### To do
Write all of the entries out again exactly, but not the images.

Available data Block Start

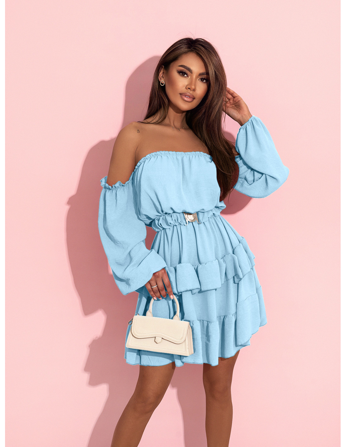 Sukienka hiszpanka z długim rękawem ROBIN - błękitna
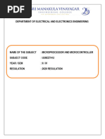 LTPC 3003 UNIT I 8085 and 8086 PROCESSOR 9 Hardware Architecture pintouts - Signals Memory interfacing I/O ports and data transfer concepts Timing Diagram Interrupt structure. UNIT II PROGRAMMING OF 8085 PROCESSOR 9 Instruction format and addressing modes Assembly language format Data transfer, data manipulation & control instructions Programming: Loop structure with counting & Indexing Look up table - Subroutine instructions - stack. UNIT III PERIPHERAL INTERFACING 9 Study of Architecture and programming of ICs: 8255 PPI, 8259 PIC, 8251 USART, 8279 Key boarddisplay controller and 8253 Timer/ Counter Interfacing with 8085 - A/D and D/A converter interfacing. UNIT IV 8051 MICRO CONTROLLER 9 Functional block diagram - Instruction format and addressing modes Timing Diagram Interrupt structure Timer I/O ports Serial communication. UNIT V MICRO CONTROLLER PROGRAMMING & APPLICATIONS 9 Data Transfer, Manipulation, Control & I/O instructions Simple programming exercises key board and display interface Closed loop control of servo motor- stepper motor control Washing Machine Control. L = 45 T = 15 TOTAL : 60 PERIODS TEXT BOOKS 1. Microprocessor and Microcontrollers, Krishna Kant Eastern Company Edition, Prentice Hall of India, New Delhi , 2007. 2. Muhammad Ali Mazidi & Janice Gilli Mazidi, R.D.Kinely The 8051 Micro Controller and Embedded Systems, PHI Pearson Education, 5th Indian reprint, 2003. REFERENCES 1. R.S. Gaonkar, Microprocessor Architecture Programming and Application, Wiley Eastern Ltd., New Delhi. 2. The 8088 & 8086 Microprocessors , Walter A Tribal & Avtar Singh, Pearson, 2007, Fourth Edition.
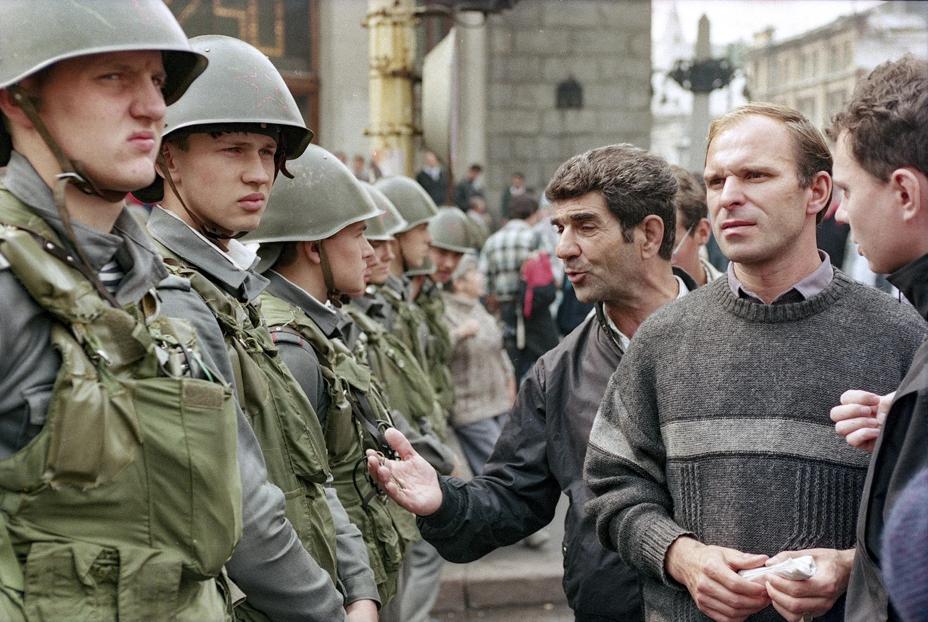 In this Tuesday, August 20, 1991 file photo, Muscovites debate with soldiers who guard the Manezh Square at Gorky Street in downtown Moscow during the coup attempt by hard-line Communists against the Soviet president, Russia. (Photo by Boris Yurchenko/AP Photo/File)
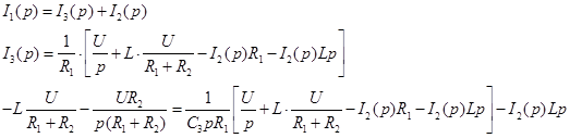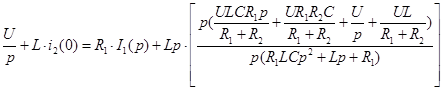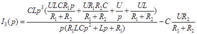 2) Находится изображение искомого тока. Операторная схема замещения содержит 3 источника в разных ветвях: основной и два дополнительных. Поэтому для нахождения изображения тока второй ветви воспользуемся законами Кирхгофа в операторной форме:
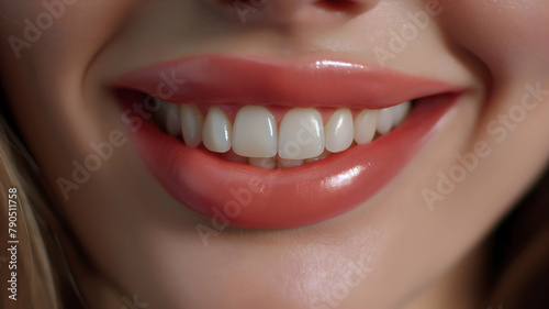 © Elena, Fototapeta premium banner for dentistry, beautiful smile with straight white teeth of a young girl close-up. Design for dentistry industry.
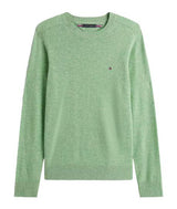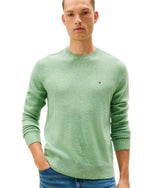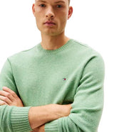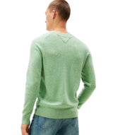 Maglia uomo verde salvia realizzata in pura lana, modello girocollo, con collo, polsini e orlo a coste, bandierina ricamata sul petto. Vestibilità regolare.

Available data Block End

### Answer for this exercise
 Sukienka hiszpanka z długim rękawem ROBIN - błękitna
 LTPC 3003 UNIT I 8085 and 8086 PROCESSOR 9 Hardware Architecture pintouts - Signals Memory interfacing I/O ports and data transfer concepts Timing Diagram Interrupt structure. UNIT II PROGRAMMING OF 8085 PROCESSOR 9 Instruction format and addressing modes Assembly language format Data transfer, data manipulation & control instructions Programming: Loop structure with counting & Indexing Look up table - Subroutine instructions - stack. UNIT III PERIPHERAL INTERFACING 9 Study of Architecture and programming of ICs: 8255 PPI, 8259 PIC, 8251 USART, 8279 Key boarddisplay controller and 8253 Timer/ Counter Interfacing with 8085 - A/D and D/A converter interfacing. UNIT IV 8051 MICRO CONTROLLER 9 Functional block diagram - Instruction format and addressing modes Timing Diagram Interrupt structure Timer I/O ports Serial communication. UNIT V MICRO CONTROLLER PROGRAMMING & APPLICATIONS 9 Data Transfer, Manipulation, Control & I/O instructions Simple programming exercises key board and display interface Closed loop control of servo motor- stepper motor control Washing Machine Control. L = 45 T = 15 TOTAL : 60 PERIODS TEXT BOOKS 1. Microprocessor and Microcontrollers, Krishna Kant Eastern Company Edition, Prentice Hall of India, New Delhi , 2007. 2. Muhammad Ali Mazidi & Janice Gilli Mazidi, R.D.Kinely The 8051 Micro Controller and Embedded Systems, PHI Pearson Education, 5th Indian reprint, 2003. REFERENCES 1. R.S. Gaonkar, Microprocessor Architecture Programming and Application, Wiley Eastern Ltd., New Delhi. 2. The 8088 & 8086 Microprocessors , Walter A Tribal & Avtar Singh, Pearson, 2007, Fourth Edition.
 In this Tuesday, August 20, 1991 file photo, Muscovites debate with soldiers who guard the Manezh Square at Gorky Street in downtown Moscow during the coup attempt by hard-line Communists against the Soviet president, Russia. (Photo by Boris Yurchenko/AP Photo/File)
 2) Находится изображение искомого тока. Операторная схема замещения содержит 3 источника в разных ветвях: основной и два дополнительных. Поэтому для нахождения изображения тока второй ветви воспользуемся законами Кирхгофа в операторной форме:
 © Elena, Fototapeta premium banner for dentistry, beautiful smile with straight white teeth of a young girl close-up. Design for dentistry industry.
 Maglia uomo verde salvia realizzata in pura lana, modello girocollo, con collo, polsini e orlo a coste, bandierina ricamata sul petto. Vestibilità regolare.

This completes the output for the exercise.